→ **Task data**:

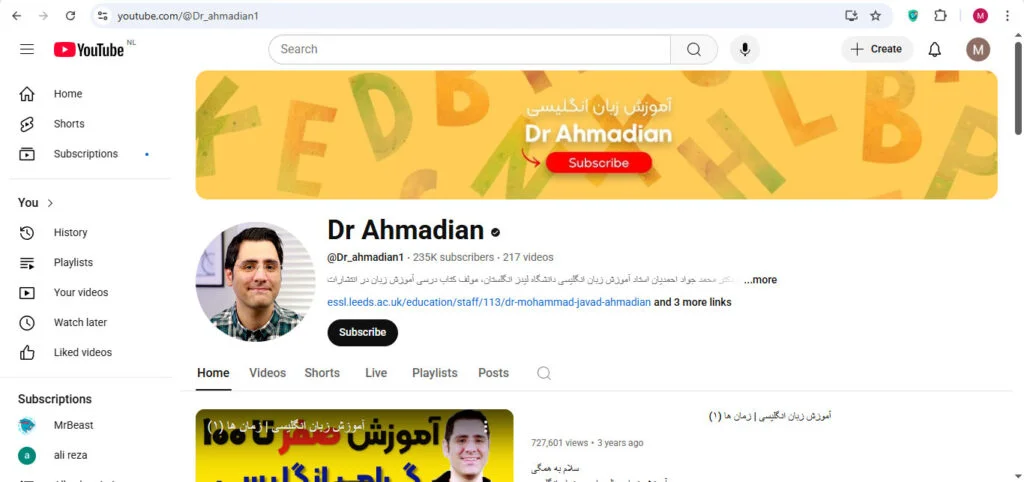 کانال یوتیوب دکتر احمدیان (که با نام Dr. Vlogtor نیز شناخته میشود) یکی از برجسته ترین کانالهای فارسی زبان برای آموزش زبان انگلیسی است که با بیش از 77 هزار مشترک، جایگاه ویژهای در میان زبان آموزان ایرانی دارد.
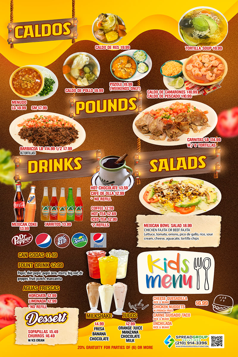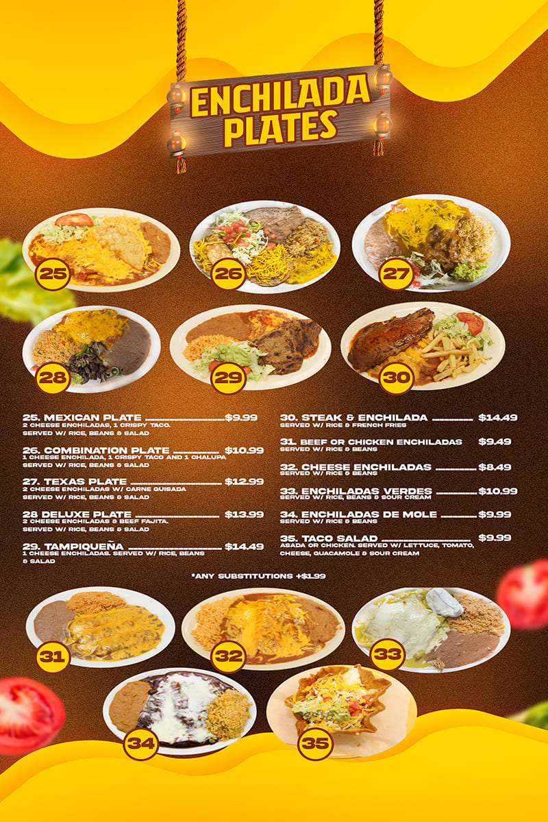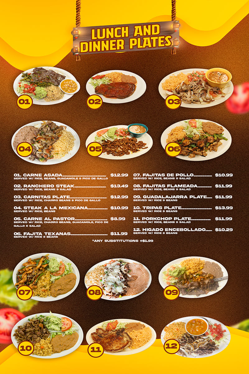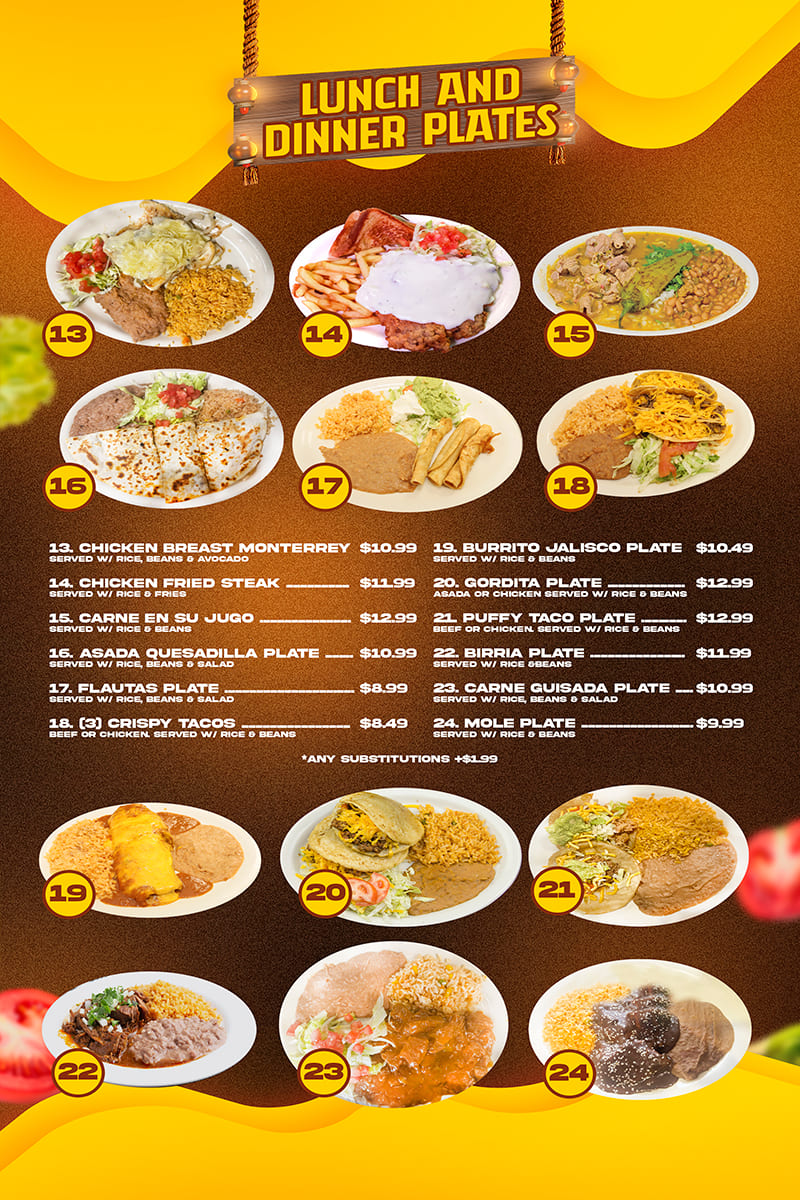 Our menu is full of Mexican favorites: tacos, gorditas, tortas, enchiladas, seafood dishes, breakfast plates, and more. No matter what you're craving, you'll find a plate that satisfies.
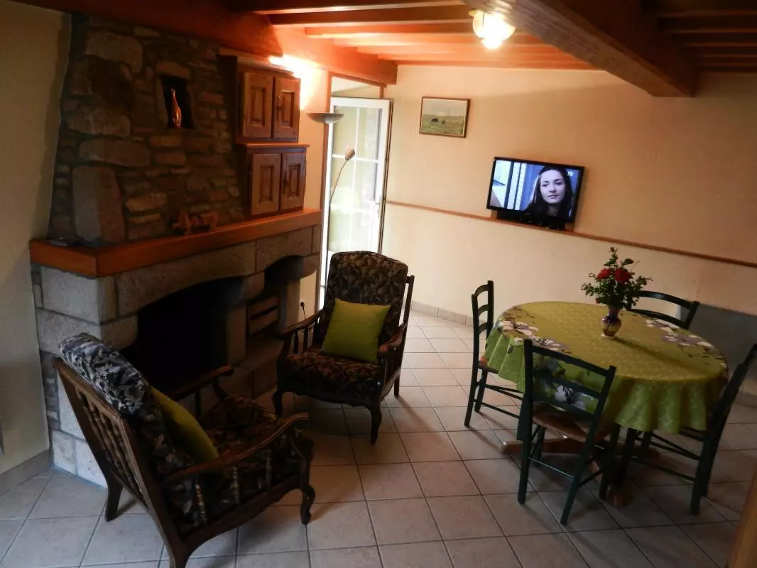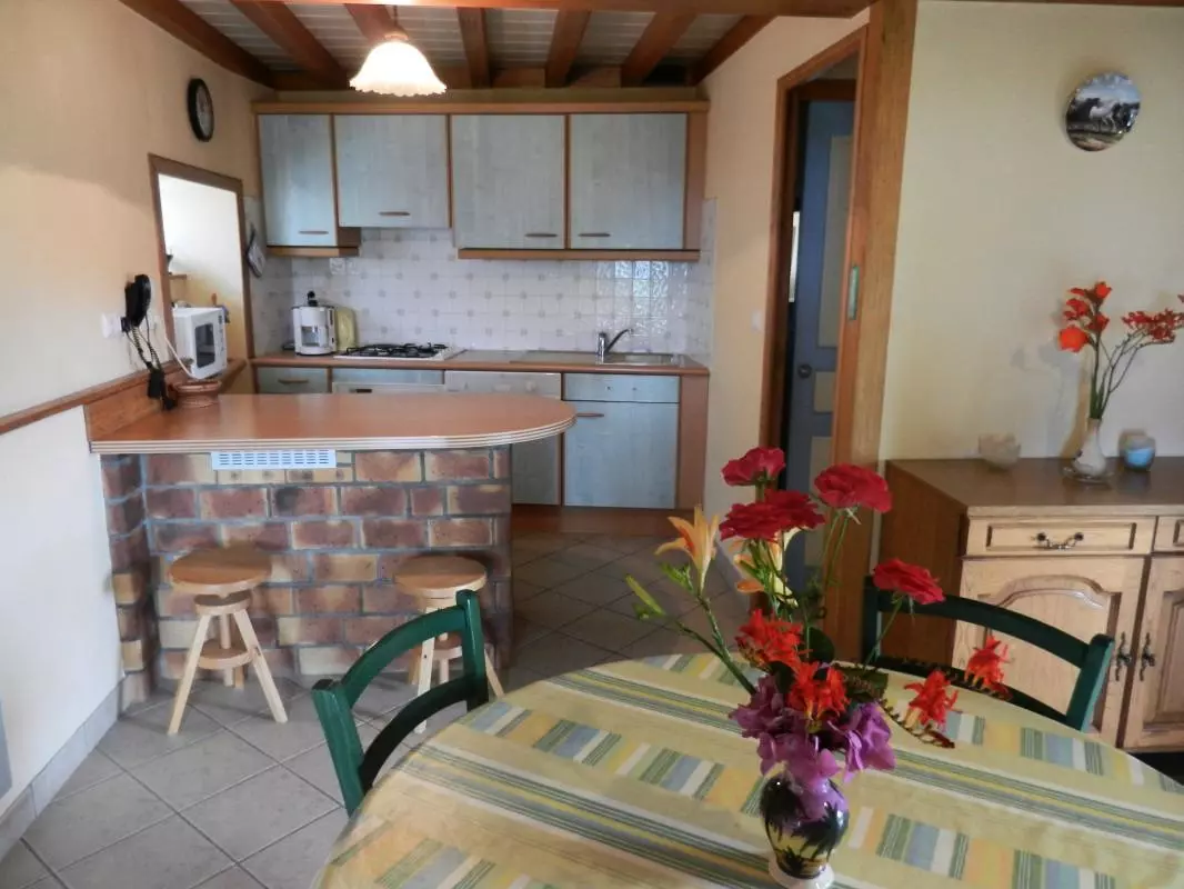 Maison indépendante. Séjour. Coin-cuisine. Véranda. 2 chambres. 1 lit 140. 2 lits 90. 1 lit bébé. Salle d'eau. Wc. Cheminée. TV. Tél. téléséjour. Lave-linge. Lave-vaisselle. Draps en location. Chauffage électrique en supp. Terrain clos privé. Terrasse. Salon de jardin. Barbecue. Portique. Bac à sable. Une adorable petite maison de pierre d'où vous admirerez chaque jour la mer avec l'Ile d'Aurigny. Le dépaysement est garanti dans cette contrée sauvage et maritime.
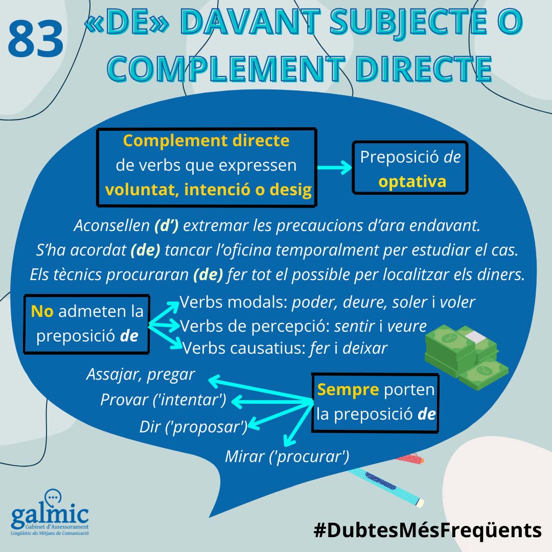 Ja per acabar, us volem advertir que els verbs poder, deure, soler i voler, els verbs de percepció sentir i veure, així com els verbs causatius fer i deixar, no admeten la preposició de davant d’un infinitiu que fa de complement directe. En canvi, verbs com assajar, dir (amb el significat de proposar), mirar (amb el significat de procurar), pregar o provar (amb el significat d’intentar) sempre porten la preposició de. Fixau-vos-hi: Els meus amics volen organitzar una festa, però Els meus amics han dit d’organitzar una festa, Els meus amics miraran d’organitzar una festa i Els meus amics provaran d’organitzar una festa.
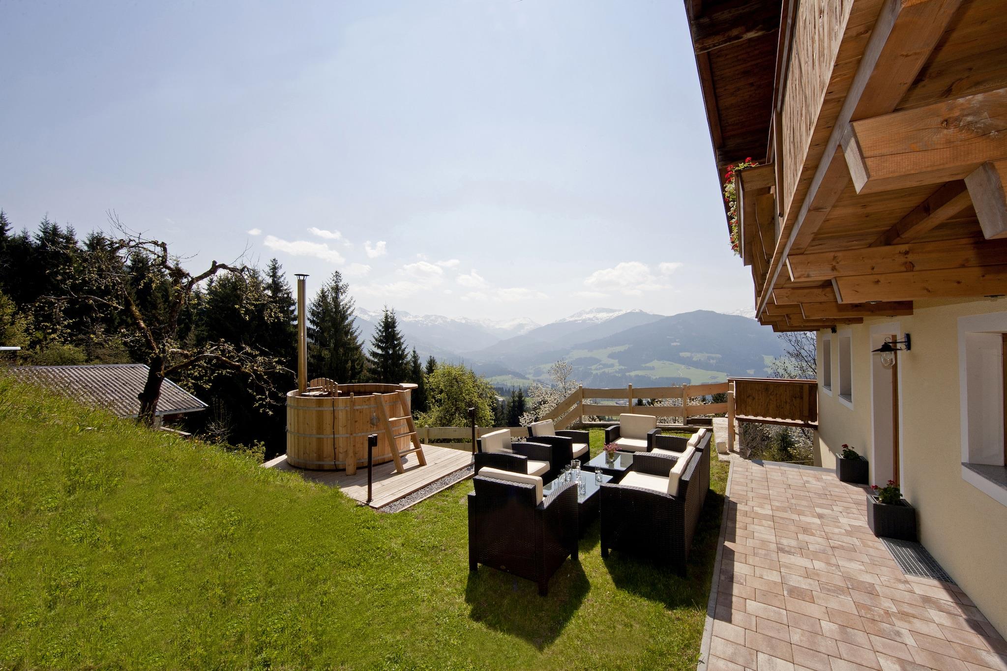 Denne smukke fritliggende hytte til maks. 11 personer ligger i Hopfgarten im Brixental i Tyrol, midt i bjergene i 1030 meters højde, og byder på en betagende udsigt over Kitzbühel-alperne. Hytten har en rummelig stue med en sovesofa, et fuldt udstyret køkken med spisebord, 4 store soveværelser (et med en ekstra enkeltseng) og 2 moderne badeværelser. Du kan parkere direkte i den underjordiske parkeringsplads, hvor der også er et skiopbevaringsrum. Hytten byder også på en smuk have med terrasse, hvor der også er et brændefyret spabad. Hopfgarten i Brixental med det imponerende panoramaudsigt Hohe Salve-bjerget er et af de mest solrige samfund i Kitzbühel-alperne og byder på talrige vandre- og cykelstier samt udflugtsmål i de varierede tyrolske bjerge. Panoramabjerget Hohe Salve er forbundet med Wilder Kaiser-bjergbestignings- og vintersportsparadiset. SkiWelt Wilder Kaiser-Brixental-skiområdet i Hopfgarten im Brixental har 90 lifte, over 70 hytter, flere forlystelsesparker, skifilmstier og tilbyder sammen med det tilstødende KitzSki-skiområde i alt over 500 kilometer pister. Bemærk venligst, især om vinteren, at de sidste 3 km til hytten er på en stejl asfalteret bjergvej, der kræver snekæder. Bemærk venligst: Der er et gebyr for brug af vaskemaskine og tørretumbler. Angiv venligst din hunds tilstedeværelse ved booking, så vi kan imødekomme dig i overensstemmelse hermed.
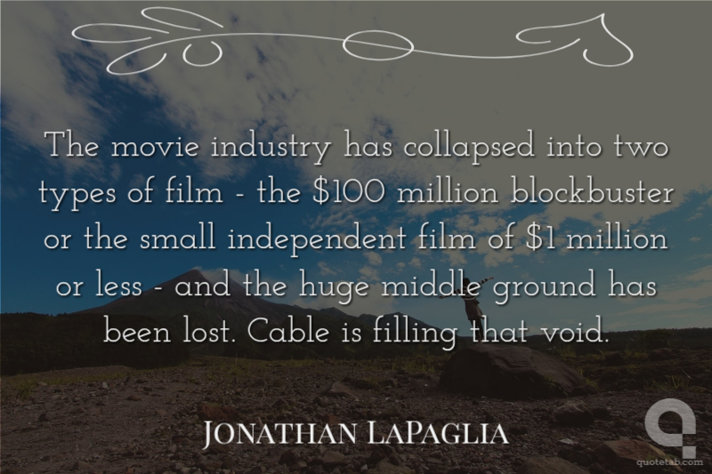 The movie industry has collapsed into two types of film - the $100 million blockbuster or the small independent film of $1 million or less - and the huge middle ground has been lost. Cable is filling that void.
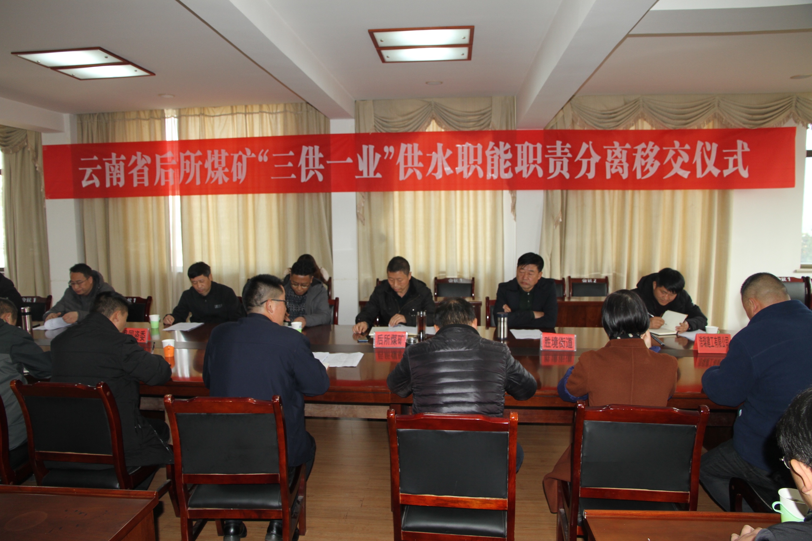 移交仪式上,谭其银向参会人员报告矿区供水管网分布情况,介绍矿区“三供一业”供水改造的基本项目和内容。交接双方在确认分离移交条款的基础上,共同签订了《云南省后所煤矿“三供一业”供水职能职责分离移交协议》、《城市供水合同》,交接了矿区用水住户清册表和资产清单。双方企业代表分别作表态发言。县自来水有限责任公司总经理李飞表示,公司将加强供水保障,完善新的管理机制,推行供水的标准化和网格化,努力为矿区职工家属提供高效,优质的供水服务,并希望与矿上建立良好的长期合作关系,共同为企业发展做出贡献。

→ **What you have to do**:
Output the complete listing exactly. Pictures stay out.

→ **Response to this task**:
 کانال یوتیوب دکتر احمدیان (که با نام Dr. Vlogtor نیز شناخته میشود) یکی از برجسته ترین کانالهای فارسی زبان برای آموزش زبان انگلیسی است که با بیش از 77 هزار مشترک، جایگاه ویژهای در میان زبان آموزان ایرانی دارد.
 Our menu is full of Mexican favorites: tacos, gorditas, tortas, enchiladas, seafood dishes, breakfast plates, and more. No matter what you're craving, you'll find a plate that satisfies.
 Maison indépendante. Séjour. Coin-cuisine. Véranda. 2 chambres. 1 lit 140. 2 lits 90. 1 lit bébé. Salle d'eau. Wc. Cheminée. TV. Tél. téléséjour. Lave-linge. Lave-vaisselle. Draps en location. Chauffage électrique en supp. Terrain clos privé. Terrasse. Salon de jardin. Barbecue. Portique. Bac à sable. Une adorable petite maison de pierre d'où vous admirerez chaque jour la mer avec l'Ile d'Aurigny. Le dépaysement est garanti dans cette contrée sauvage et maritime.
 Ja per acabar, us volem advertir que els verbs poder, deure, soler i voler, els verbs de percepció sentir i veure, així com els verbs causatius fer i deixar, no admeten la preposició de davant d’un infinitiu que fa de complement directe. En canvi, verbs com assajar, dir (amb el significat de proposar), mirar (amb el significat de procurar), pregar o provar (amb el significat d’intentar) sempre porten la preposició de. Fixau-vos-hi: Els meus amics volen organitzar una festa, però Els meus amics han dit d’organitzar una festa, Els meus amics miraran d’organitzar una festa i Els meus amics provaran d’organitzar una festa.
 Denne smukke fritliggende hytte til maks. 11 personer ligger i Hopfgarten im Brixental i Tyrol, midt i bjergene i 1030 meters højde, og byder på en betagende udsigt over Kitzbühel-alperne. Hytten har en rummelig stue med en sovesofa, et fuldt udstyret køkken med spisebord, 4 store soveværelser (et med en ekstra enkeltseng) og 2 moderne badeværelser. Du kan parkere direkte i den underjordiske parkeringsplads, hvor der også er et skiopbevaringsrum. Hytten byder også på en smuk have med terrasse, hvor der også er et brændefyret spabad. Hopfgarten i Brixental med det imponerende panoramaudsigt Hohe Salve-bjerget er et af de mest solrige samfund i Kitzbühel-alperne og byder på talrige vandre- og cykelstier samt udflugtsmål i de varierede tyrolske bjerge. Panoramabjerget Hohe Salve er forbundet med Wilder Kaiser-bjergbestignings- og vintersportsparadiset. SkiWelt Wilder Kaiser-Brixental-skiområdet i Hopfgarten im Brixental har 90 lifte, over 70 hytter, flere forlystelsesparker, skifilmstier og tilbyder sammen med det tilstødende KitzSki-skiområde i alt over 500 kilometer pister. Bemærk venligst, især om vinteren, at de sidste 3 km til hytten er på en stejl asfalteret bjergvej, der kræver snekæder. Bemærk venligst: Der er et gebyr for brug af vaskemaskine og tørretumbler. Angiv venligst din hunds tilstedeværelse ved booking, så vi kan imødekomme dig i overensstemmelse hermed.
 The movie industry has collapsed into two types of film - the $100 million blockbuster or the small independent film of $1 million or less - and the huge middle ground has been lost. Cable is filling that void.
 移交仪式上,谭其银向参会人员报告矿区供水管网分布情况,介绍矿区“三供一业”供水改造的基本项目和内容。交接双方在确认分离移交条款的基础上,共同签订了《云南省后所煤矿“三供一业”供水职能职责分离移交协议》、《城市供水合同》,交接了矿区用水住户清册表和资产清单。双方企业代表分别作表态发言。县自来水有限责任公司总经理李飞表示,公司将加强供水保障,完善新的管理机制,推行供水的标准化和网格化,努力为矿区职工家属提供高效,优质的供水服务,并希望与矿上建立良好的长期合作关系,共同为企业发展做出贡献。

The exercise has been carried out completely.